__The data__
___
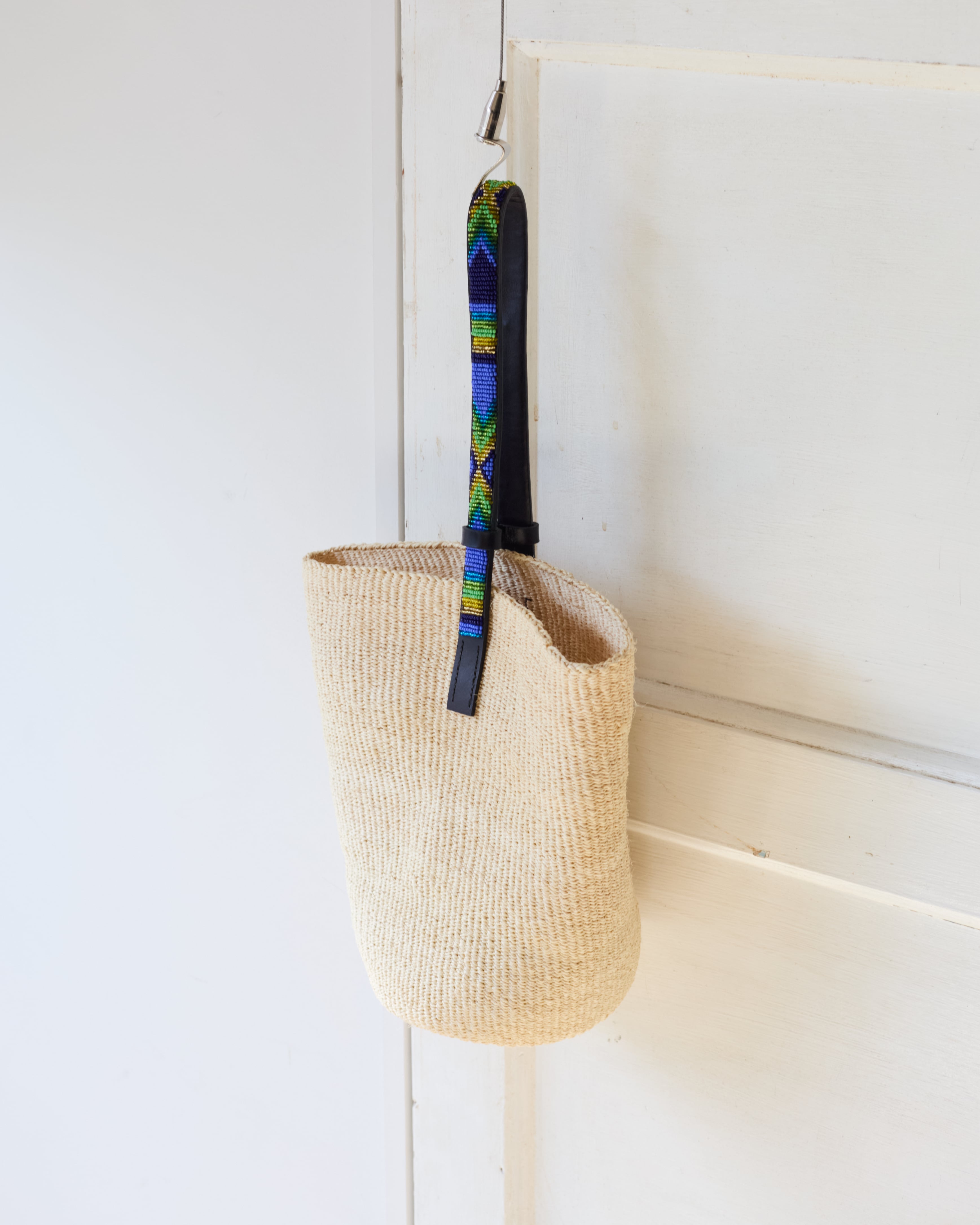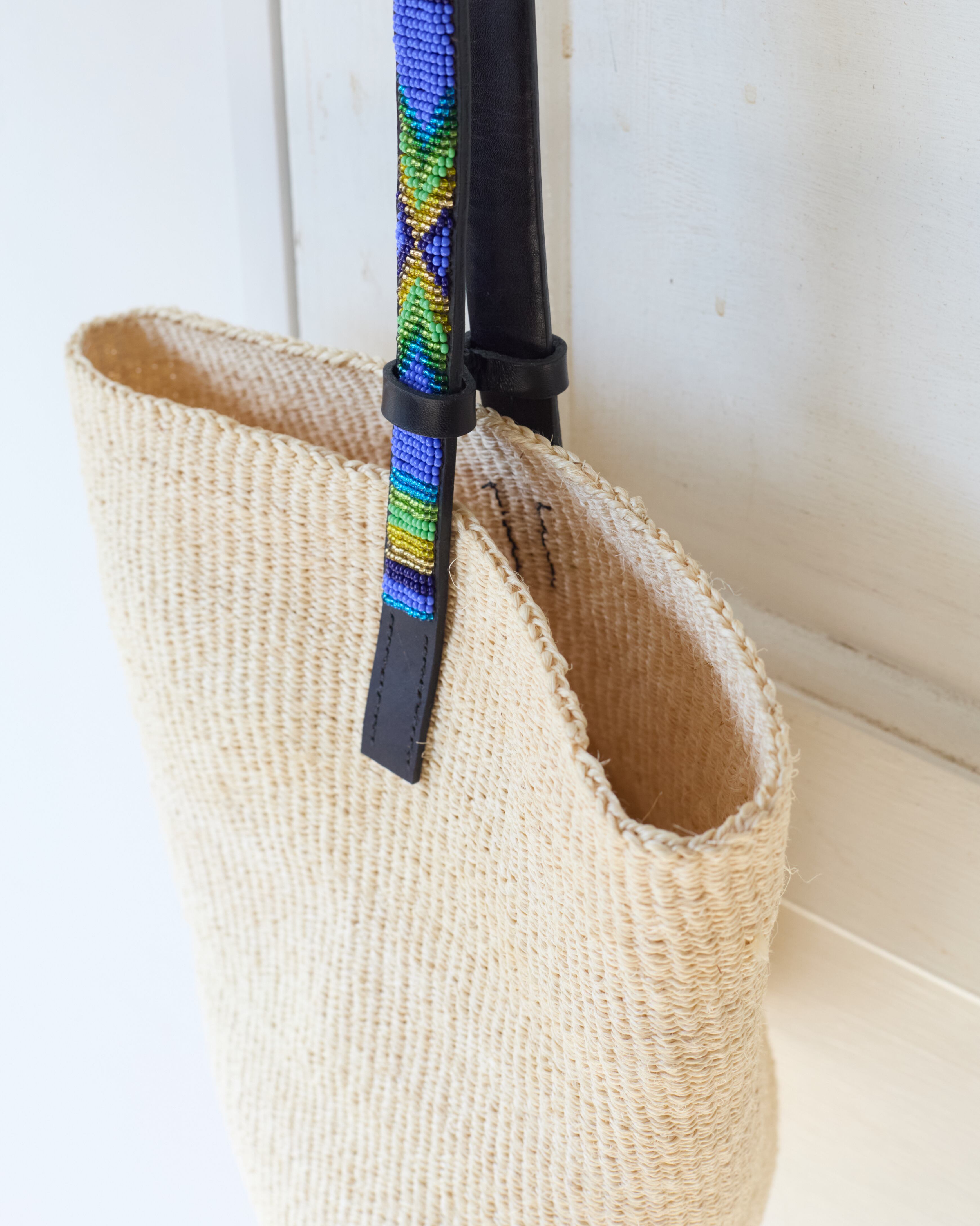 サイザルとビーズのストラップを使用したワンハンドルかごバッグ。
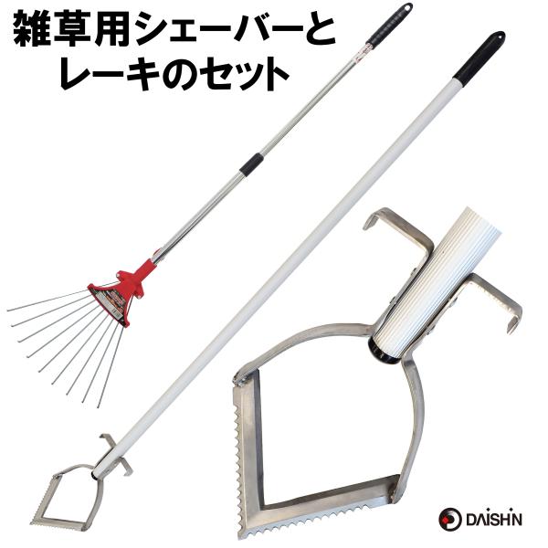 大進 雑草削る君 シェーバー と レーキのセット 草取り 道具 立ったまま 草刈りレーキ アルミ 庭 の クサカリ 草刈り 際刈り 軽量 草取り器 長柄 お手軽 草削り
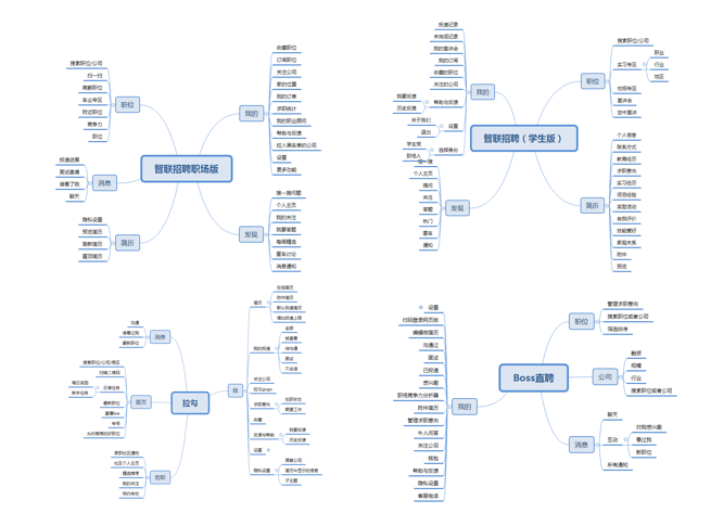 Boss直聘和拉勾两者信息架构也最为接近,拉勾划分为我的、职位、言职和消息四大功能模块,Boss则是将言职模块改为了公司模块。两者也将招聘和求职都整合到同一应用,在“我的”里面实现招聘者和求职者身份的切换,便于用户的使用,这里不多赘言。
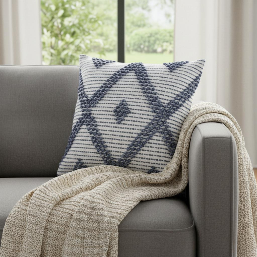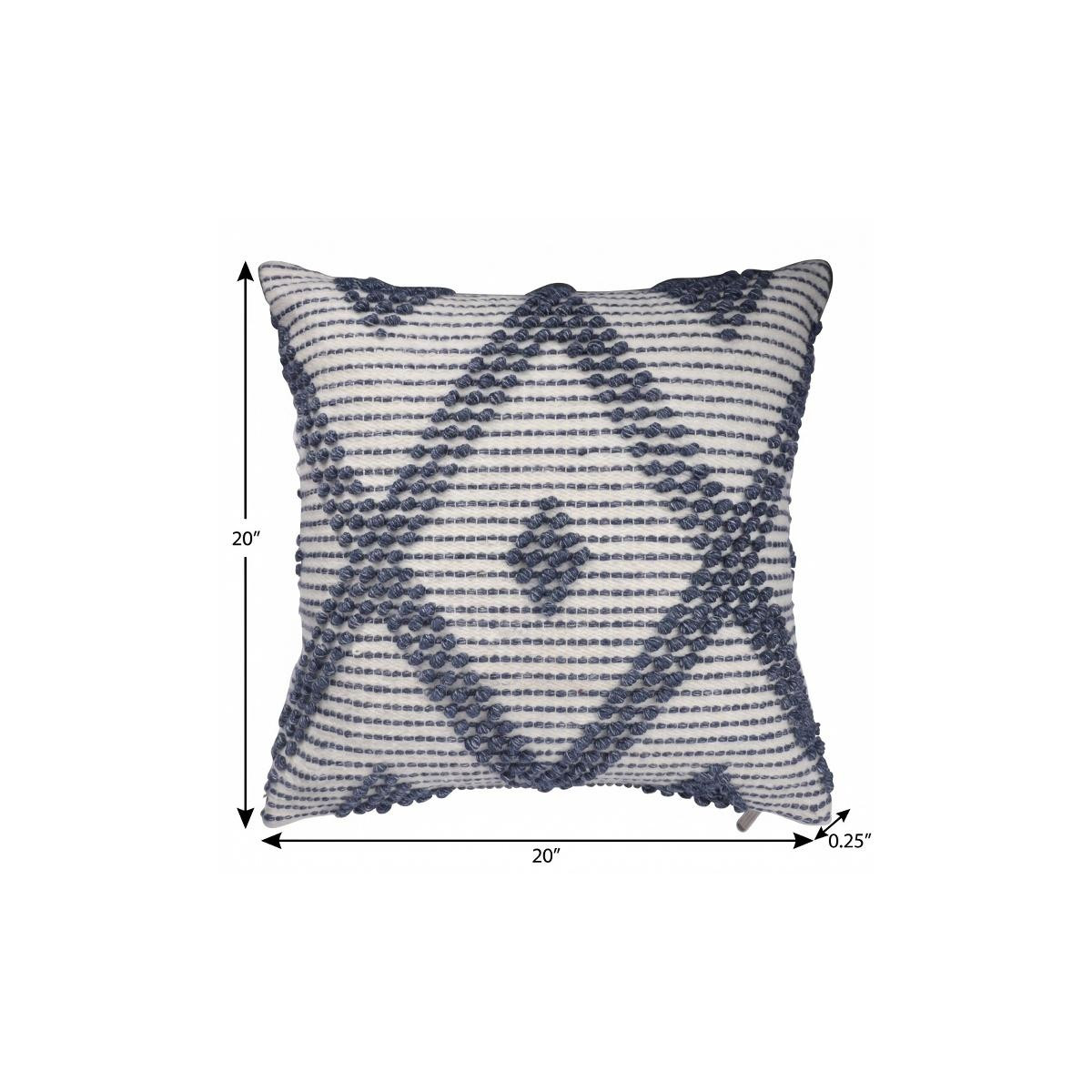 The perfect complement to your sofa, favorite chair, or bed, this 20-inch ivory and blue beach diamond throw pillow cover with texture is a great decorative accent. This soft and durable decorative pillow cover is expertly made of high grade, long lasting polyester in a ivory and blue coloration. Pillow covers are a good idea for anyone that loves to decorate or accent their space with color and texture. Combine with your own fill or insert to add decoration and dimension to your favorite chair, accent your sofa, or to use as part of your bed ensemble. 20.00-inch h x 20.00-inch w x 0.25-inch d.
___
Give the lines from the one containing "Boss直聘和拉勾两者信息架" through the last line of the material again, exactly and with no pictures, both ends included.

__Finished task__
 Boss直聘和拉勾两者信息架构也最为接近,拉勾划分为我的、职位、言职和消息四大功能模块,Boss则是将言职模块改为了公司模块。两者也将招聘和求职都整合到同一应用,在“我的”里面实现招聘者和求职者身份的切换,便于用户的使用,这里不多赘言。
 The perfect complement to your sofa, favorite chair, or bed, this 20-inch ivory and blue beach diamond throw pillow cover with texture is a great decorative accent. This soft and durable decorative pillow cover is expertly made of high grade, long lasting polyester in a ivory and blue coloration. Pillow covers are a good idea for anyone that loves to decorate or accent their space with color and texture. Combine with your own fill or insert to add decoration and dimension to your favorite chair, accent your sofa, or to use as part of your bed ensemble. 20.00-inch h x 20.00-inch w x 0.25-inch d.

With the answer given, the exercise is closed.